The k-means algorithm then iteratively improves cluster assignments. Each epoch consists of two stages, reassignment and recomputing the means.

Cluster Assignment:   In each epoch, we assign each object to the cluster represented by the closest centroid. Ties go to the lowest indexed element.

Mean Recomputation:   At the end of each epoch, the centroids are then recomputed as the means of points assigned to the cluster.

Convergence:   If no objects change cluster during an iteration, the algorithm has converged and the results will be returned. We also consider the algorithm converged if the relative reduction in error from epoch to epoch falls below a set threshold. Also, the algorithm will return if the maximum number of epochs have been reached.

K-means as Minimization

K-means clustering may be viewed as an iterative approach to the minimization of the average sauare distance between items and their cluster centers, which is:

` Err(cs) = Σc in cs Σx in c distance(x,centroid(x))2`
where `cs` is the set of clusters and `centroid(x)` is the centroid (mean or average) of the cluster containing x.

Convergence Guarantees

K-means clustering is guaranteed to converge to a local mimium of error because both steps of K-means reduce error. First, assigning each object to its closest centroid minimizes error given the centroids. Second, recalculating centroids as the means of elements assigned to them minimizes errors given the clustering. Given that error is bounded at zero, and changes are discrete, k-means must eventually converge. While there are exponentially many possible clusterings in theory, in practice k-means converges very quickly.
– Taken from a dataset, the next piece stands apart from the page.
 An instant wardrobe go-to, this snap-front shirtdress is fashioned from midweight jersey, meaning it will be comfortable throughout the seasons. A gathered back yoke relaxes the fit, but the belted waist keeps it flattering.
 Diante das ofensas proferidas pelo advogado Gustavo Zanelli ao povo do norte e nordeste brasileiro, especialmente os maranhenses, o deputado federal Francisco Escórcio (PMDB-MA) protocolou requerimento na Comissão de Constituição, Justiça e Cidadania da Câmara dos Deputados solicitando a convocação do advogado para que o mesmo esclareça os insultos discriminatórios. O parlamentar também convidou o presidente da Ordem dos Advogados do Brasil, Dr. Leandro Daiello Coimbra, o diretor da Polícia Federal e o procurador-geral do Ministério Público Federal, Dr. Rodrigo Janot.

Local Minima and Multiple Runs

Like the EM algorithm, k-means clustering is highly sensitive to the initial assignment of elements. In practice, it is often helpful to apply k-means clustering repeatedly to the same input data, returning the clustering with minimum error.
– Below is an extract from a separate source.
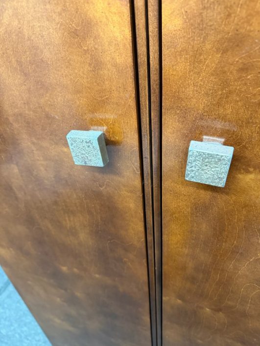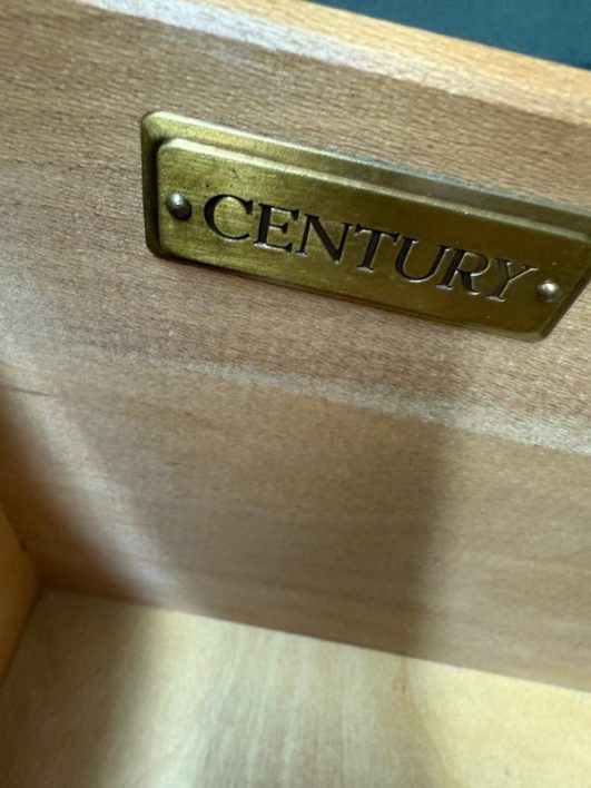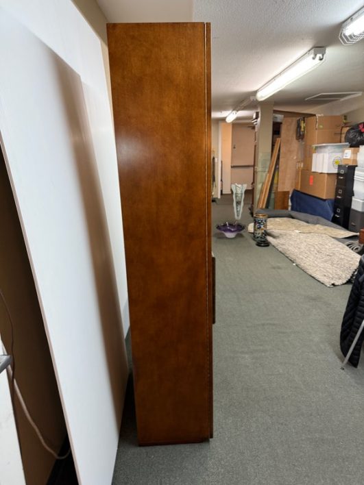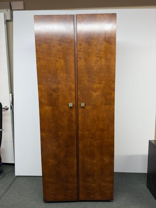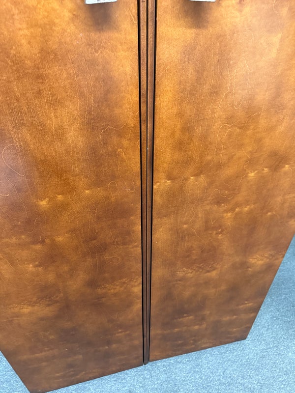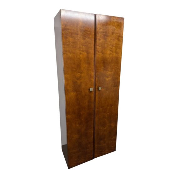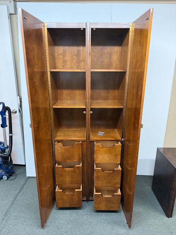 Design Plus Gallery presents a Pair of Burl Wood Cabinets by Century Furniture. Beautiful, narrow and tall, burl wood cabinet by Century Furniture. Well constructed in the US., with six storage drawers below and adjustable shelf storage compartment above. Unfinished exterior panel, the cabinets can be connected to create a single unit. Light surface wear; condition is good for age and use.

At the start of each iteration, the error of the previous assignment is reported (at convergence, this will be the final error).

Multiple runs may be used to provide bootstrap estimates of the relatedness of any two elements. Bootstrap estimates work by subsampling the elements to cluster with replacement and then running k-means on them. This is repeated multiple times, and the percentage of runs in which two elements fall in the same cluster forms the bootstrap estimate of the likelihood that they are in the same cluster.

Degenerate Solutions

In some cases, the iterative approach taken by k-means leads to a solution in which not every cluster is populated. This happens during a step in which no feature vector is closest to a given centroid. This is most likely to happen in highly skewed data in high dimensional spaces. Sometimes, rerunning the clusterer with a different initialization will find a solution with k clusters.

Picking a good `K`

The number of clusters, k, may also be varied. In this case, new k-means clustering instances must be created, as each uses a fixed number of clusters.

By varying `k`, the maximum number of clusters, the within-cluster scatter may be compared across different choices of `k`. Typically, a value of `k` is chosen at a knee of the within-cluster scatter scores. There are automatic ways of performing this selection, though they are heuristically rather than theoretically motivated.

In practice, it is technically possible, though unlikely, for clusters to wind up with no elements in them. This implementation will simply return fewer clusters than the maximum specified in this case.

K-Means++ Initialization

K-means++ is a k-means algorithm that attempts to make a good randomized choice of initial centers. This requires choosing a diverse set of centers, but not overpopulating the initial set of centers with outliers.

K-means++ has reasonable expected performance bounds in theory, and quite good performance in practice.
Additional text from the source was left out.